For Italian-Americans, the Feast of the Seven Fishes—a nostalgia-fueled, hours-long dinner consisting of at least seven different types of seafood—is the defining Christmas Eve tradition. Firmly rooted in Italy’s Roman Catholic background, the Festa dei Sette Pesci is a delectable blend of the sacred and secular, the old world and the new.
1. The Feast of the Seven Fishes is not a Roman Catholic feast day.
The Feast of the Seven Fishes may go hand-in-hand with Roman Catholicism, but it’s not a religious “feast day.” There is no such thing as the “Feast of the Seven Fishes” in the Roman Catholic calendar [PDF]. (In fact, in Roman Catholicism, a feast day has nothing to do with gorging yourself and everything to do with reflecting on and celebrating an important aspect of the faith, often the life of a saint.) The tradition’s name merely takes after the lay definition of feast: that is, there’s a lot of food on the table!
2. Traditionally, December 24 was a day to avoid food.
In the Catholic liturgical calendar, there are special days of abstinence (where followers are advised to avoid meat) and days of fasting (where followers are advised to reduce their food intake, usually to just one meal a day). Before reforms were made in the 1960s, December 24—what Roman Catholics call The Vigil of the Nativity of the Lord—was a day to fast and abstain, with worshippers generally allowed to break the fast in the evening. The Feast of the Seven Fishes, then, seems like an obvious solution to the circumstances: You have a big, hungry Catholic-Italian family that hasn’t touched food all day.
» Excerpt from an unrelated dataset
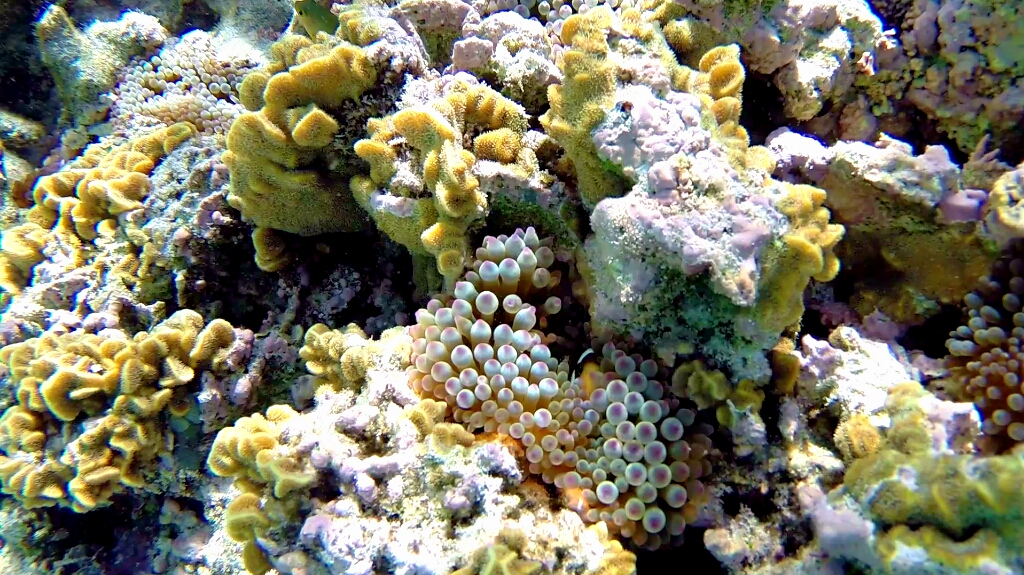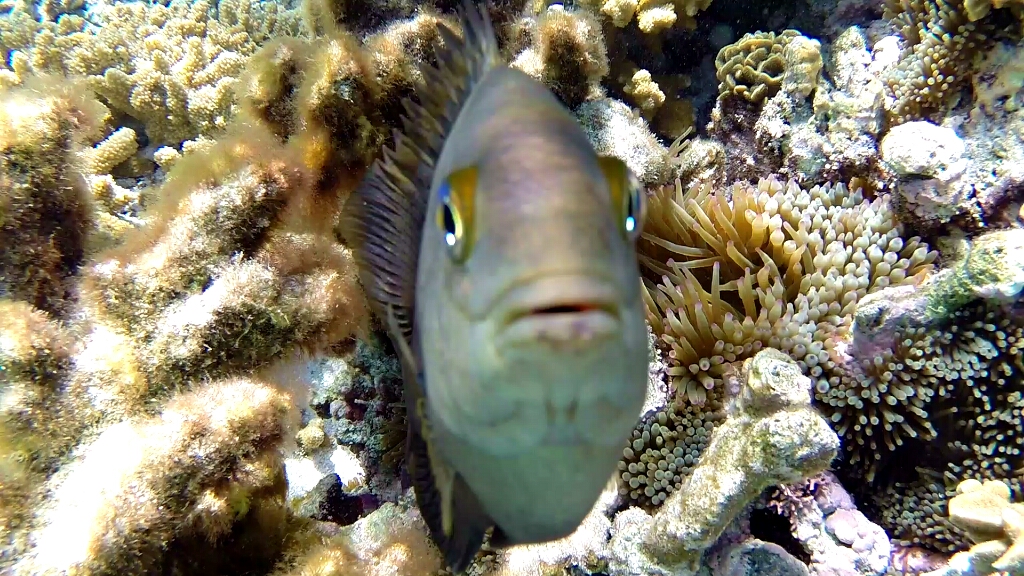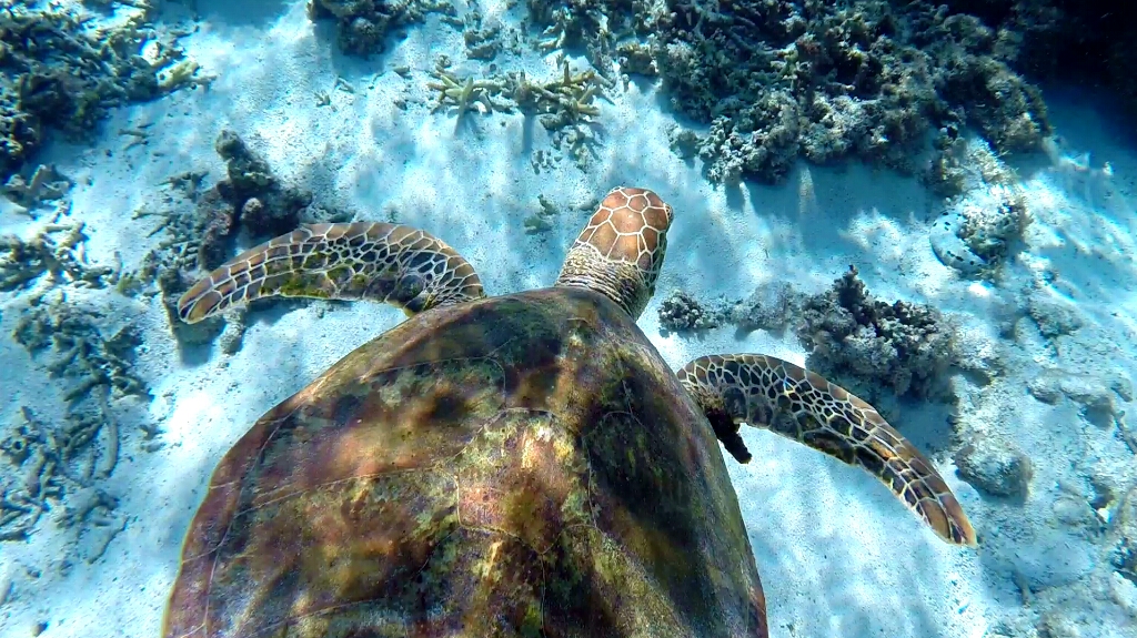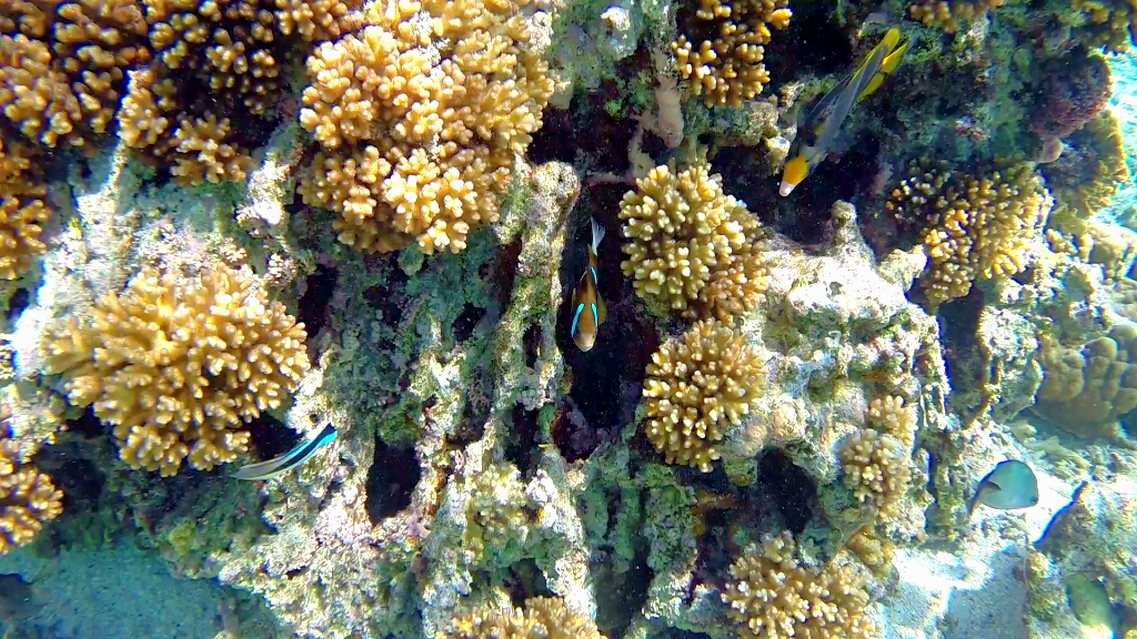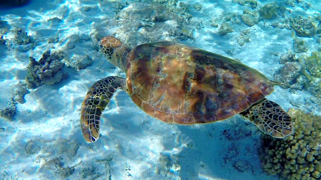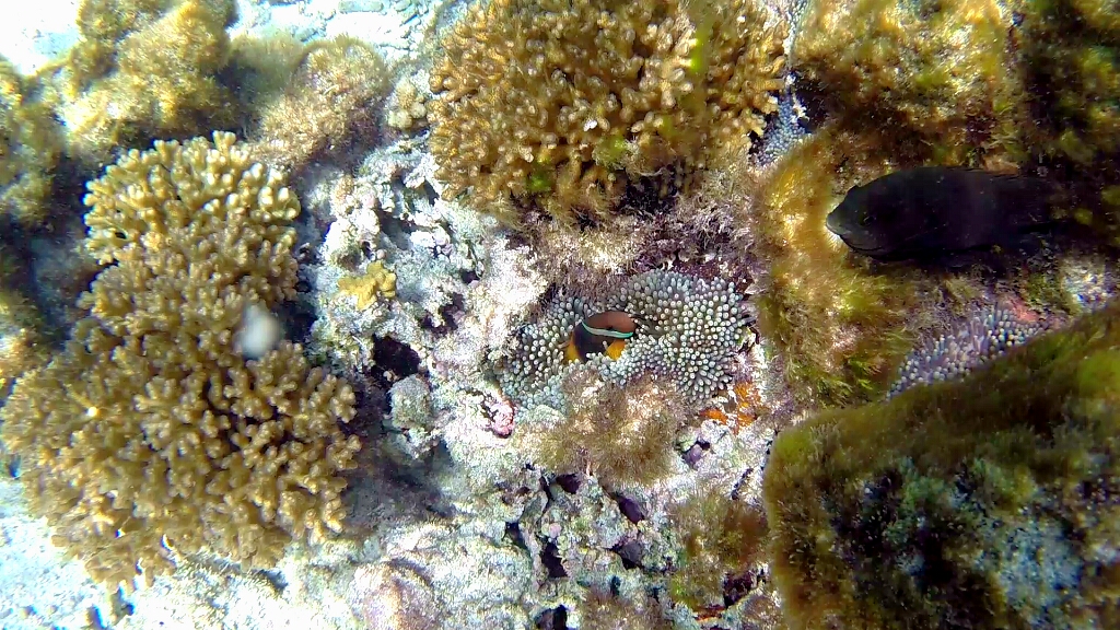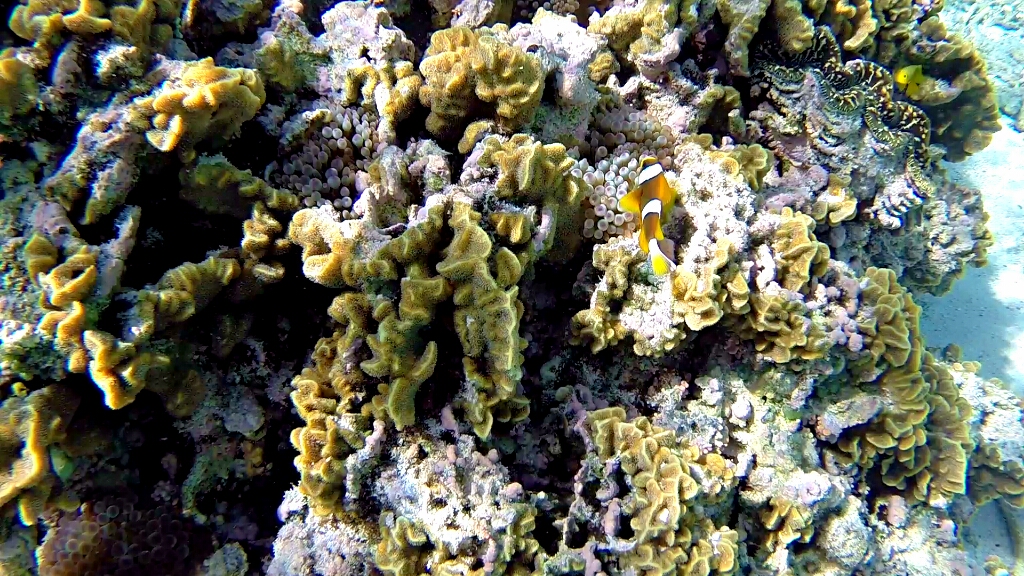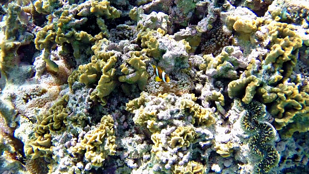 Tag 2: In dieser teuren Übernachtung ist wenigstens das Frühstücks- und Dinner-Buffet inbegriffen. So dass ich ordentlich zuschlagen kann 😀 Ja die Energiezufuhr ist wichtig, denn schnorcheln kann hier recht anstrengend sein. An diesem morgen gehts zuerst auf Eastside, weil dort gerade High Tide und optimal zum Schnorcheln ist. Das Wasser ist hier nur zwischen 1-2m tief und extremst klar. Wow. Da hat man den Durchblick 😀 Und hier bekomme ich zu Gesicht, worauf ich seehnlichst lange gewartet habe und ich ehrlich gesagt nicht mehr daran glaubte je auf meiner Reise zu finden: Den Clark’s Anemonenfish. Du kennst diesen Fisch nicht??? Nicht schlimm, ich wusste auch lange nicht wie der Clownfisch Nemo im richtigen Namen heisst 😀 Die sind echt putzig und so scheu, dass sie sich sofort in den Seeanemonen verstecken wenn sie dich sehen 😀 Dann weiter draussen taucht eine Schildkröte auf, dann noch einer und noch einer, und plötzlich war ich in mitten einer Gruppe von etwa 15 Wasserschildkröten 😯 Ich habe damals im Ningaloo Reef bereits einzelne Schildkröten gesehen. Aber diese hier sind mindestens doppelt so gross und soo viele 😯 Echt geil!

None of them are allowed to eat meat. What else is there to do but prepare a giant evening meal of pasta and seafood?
3. The Feast of the Seven Fishes tradition, but not the name, began in Southern Italy.
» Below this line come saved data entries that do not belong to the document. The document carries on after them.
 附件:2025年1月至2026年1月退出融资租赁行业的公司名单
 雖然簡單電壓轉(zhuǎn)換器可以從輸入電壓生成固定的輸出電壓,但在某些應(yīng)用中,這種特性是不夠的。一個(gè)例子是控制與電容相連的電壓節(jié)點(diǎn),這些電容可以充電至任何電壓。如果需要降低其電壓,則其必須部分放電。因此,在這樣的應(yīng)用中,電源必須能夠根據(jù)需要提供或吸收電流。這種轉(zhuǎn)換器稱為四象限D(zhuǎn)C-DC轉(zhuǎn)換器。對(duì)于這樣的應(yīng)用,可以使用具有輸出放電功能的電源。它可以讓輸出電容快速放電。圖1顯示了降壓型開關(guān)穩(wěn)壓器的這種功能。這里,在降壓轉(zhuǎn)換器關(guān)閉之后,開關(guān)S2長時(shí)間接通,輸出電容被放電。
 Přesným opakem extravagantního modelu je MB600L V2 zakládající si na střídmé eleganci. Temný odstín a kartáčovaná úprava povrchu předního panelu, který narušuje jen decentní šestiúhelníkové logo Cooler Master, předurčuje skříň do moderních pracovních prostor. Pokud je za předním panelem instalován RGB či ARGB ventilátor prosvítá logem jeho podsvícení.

While the tradition of enjoying a large meatless Christmas Eve meal was (and remains) common across Italy—as well as many other Roman Catholic-dominated countries—the origins of the Feast of the Seven Fishes has its roots in the country's southern region. The area, which is surrounded by bountiful coastline, has been known for its seafood for generations. It's also historically poorer than the rest of Italy, with locals preferring fish because of its relative affordability.
4. The Unification of Italy ultimately helped bring the Feast of the Seven Fishes to America.
In 1861, the regions of the Italian peninsula joined to form a single nation. The states of the south (what had formerly been the Kingdom of the Two Sicilies) would suffer for it. The new government began allocating most of its resources to nurturing the north, causing poverty and organized crime in the south—which were already problems—to worsen. The situation plunged southern Italy into such poverty that approximately 4 million people from the region moved to America between 1880 and 1924. It’s no surprise that those immigrants took their tradition of big, fishy Christmas Eve dinners with them, making it a popular Italian-American celebration today.
5. In Italy, they would have simply called the Feast of the Seven Fishes La Vigilia.
Those immigrants, however, probably didn’t call it the “Feast of the Seven Fishes.” More likely, they called it some variant of La Cena della vigilia, Il Cenone, La vigilia di Natale, or simply La Vigilia. The current name of the feast—and the practice of making exactly seven types of fish—comes from the new world. "As an Italian, I must admit I hadn’t heard about … and most of my Italian friends haven’t either," Katia Amore wrote in Italy Magazine.
6. It’s unclear what the “seven fishes” signify.
Nobody knows where the “seven fishes” moniker came from. Many insist it’s a religious symbol. The number seven, after all, appears hundreds of times in the Bible and is significant in the Roman Catholic Church: It may represent the seven sacraments. Or the seven virtues. Or perhaps it commemorates the day Christians believe God rested. Others say the number is just a good marketing tool used by restaurants. (Indeed, the earliest newspaper article we found containing the phrase “Feast of the Seven Fishes” is a 1983 advertisement for a restaurant in Philadelphia.)
7. The variety served at the Feast of the Seven Fishes is mouthwatering.
“Talk with 10 Italian-Americans about the special feast, and you could come up with 10 dinner menus, plus a varying selection of fish,” Gerald Etter wrote for The Philadelphia Inquirer. And that’s the beauty of the feast: There are no hard and fast rules. Some people include as many as 12 or 13 dishes, including mussels in spaghetti, fried calamari, anchovies, sardines, whiting with lemon, scungilli, lobster fra diavolo, capellini with tuna sauce, branzino, sole, and shrimp scampi. Many insist on eel. (“You can’t have Christmas Eve without eel,” John Tenaglia tells the Inquirer.) Another almost universal recommendation is baccalà—dried, salted cod. But the most important ingredients, of course, are friends and family.
A version of this story originally ran in 2018; it has been updated for 2021.